Доктринальные подходы к сущности принудительных мер медицинского характера в контексте соотношения правовых и медицинских критериев
Автор: Карташов И.И., Саликова В.В.
Журнал: Вестник Хабаровской государственной академии экономики и права @vestnik-ael
Рубрика: Проблемы юриспруденции и правоприменения
Статья в выпуске: 2, 2019 года.
Бесплатный доступ
В статье анализируются теоретические подходы к толкованию принудительных мер медицинского характера, в связи с необходимостью определения их юридической природы в целях формирования соответствующего института уголовного и уголовно-процессуального права. Автор солидаризируется со сторонниками комплексного подхода к сущности принудительных медицинских мер, основанного на сочетании юридического и медицинского критериев. Дополнительно аргументируется обособленная цель применения указанных мер, не укладывающаяся в рамки исключительно уголовно-правового регулирования, что позволяет прийти к выводу о наличии особой формы государственного принуждения, применение которой сопряжено с отсутствием согласия лица на получение специализированной медицинской помощи.
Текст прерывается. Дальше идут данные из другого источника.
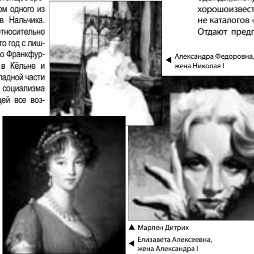
▲ Александра Федоровна, жена Николая I

Если все же немка купит косметику, то французскую или итальянскую, хотя, бывает, отдает предпочтение и отечественной. Индустрия красоты в стране, несмотря на то, что по уходу за тем же волосами немки идут в парикмахерскую только, чтобы сделать стрижку, достаточно развита. Есть сети салонов, специально предназначенные для студентов и молодежи, под доступным ценам, например, 10 евро за причёску и ответственное обслуживание сохой шкалой цен за различные услуги. Правда, услуги салонов, парикмахерских, спа, бань, массажных кабинетов больше пользуются почему-то мужчины. Вот уж кто не жалует стилиzer в жизни, индустрия красоты в Германии все же можно. Но не в повседневной жизни, а по торжественным поводам – выпускной в школе у детей, первый бал дочери, свадьба в ресторане и прочие мероприятия подобного рода».
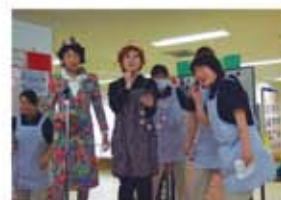
美女2人の司会で お誕生会はいつも大盛況です

などのあたたかいお言葉、笑顔を頂いています。(こちらこそありがとうございます) 今後もスタッフ一丸となり、デイケアの日を心待ちにして頂けるように「安心・真心・ふれあい・笑顔」を利用者様にお届けし、心身機能の維持、向上やご家族様の身体的・精神的負担を軽減する事に努めていきます。
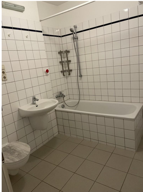
Wannenbad, WM Anschluss
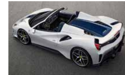
Projekt: Sichtbauteil Sportwagen (CFK-CFK)

Nutzen: Lange offene Verarbeitungs- zeit für korrekte Ausrichtung (Schaft – Schlägerkopf)
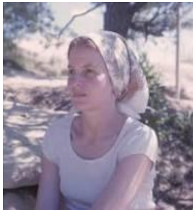
Figura 4. Denise Scott, en su juventud y en su madurez

Denise está considerada como la arquitecta más famosa de la segunda mitad del siglo XX. Se casó con Robert Venturi en 1967 y trabajaron juntos desde 1969. Sin embargo, en 1991 fue excluida del premio Pritzker concedido a su marido, lo que provocó su protesta y el debate sobre las dificultades de las mujeres arquitectas para ser reconocidas en su profesión. Pese a que su marido reconoció que sus trabajos estaban realizados por ambos al cincuenta por ciento, ella no obtuvo ningún tipo de reconocimiento por el jurado del premio. Finalmente, se les otorgó de manera conjunta la Medalla de Oro del AIA 2016, convirtiéndose ella así en la segunda mujer de la Historia que gana el galardón más prestigioso del mundo de la Arquitectura y en la primera mujer viva que lo recibe.

Принудительные меры медицинского характера, меры безопасности, цели принудительного лечения, исполнение принудительных медицинских мер
Короткий адрес: https://sciup.org/143168847
IDR: 143168847
Текст научной статьи Доктринальные подходы к сущности принудительных мер медицинского характера в контексте соотношения правовых и медицинских критериев
Уяснение сущности и правовой природы категории «принудительные меры медицинского характера», на наш взгляд, имеет не только теоретическое, но и прикладное значение, поскольку она традиционно отождествляется с усложнением уголовно-процессуальной формы производства по уголовному делу, что требует от компетентного должностного лица принятия дополнительных мер, гарантирующих права и законные интересы лица, в отношении которого ведется соответствующее производство. В этой связи актуальным представляется высказывание В.М. Савицкого, относящееся еще к советскому периоду развития уголовно- процессуальной науки, о том, что отсутствие упорядоченной терминологии, расплывчатость легальных формулировок того или иного понятия снижают «информативные возможности закона, отрицательно сказываются на правоприменительной практике и порождают нескончаемые и бесплодные споры в теории» [1, с. 23]. Сказанное в полной мере применимо к понятию «принудительные медицинские меры», находящемуся на стыке правовой и медицинской наук. Именно этот фактор, по мнению И.Н. Введенского, обостряет необходимость четкого легального определения пределов принудительного лечения, назначаемого, в отличие от обычной практики, «не врачом, а юристом, являясь при этом практическим мероприятием, осуществляемым в определенных жизненных ситуациях и имеющим совершенно конкретное клиническое содержание» [2, с. 5].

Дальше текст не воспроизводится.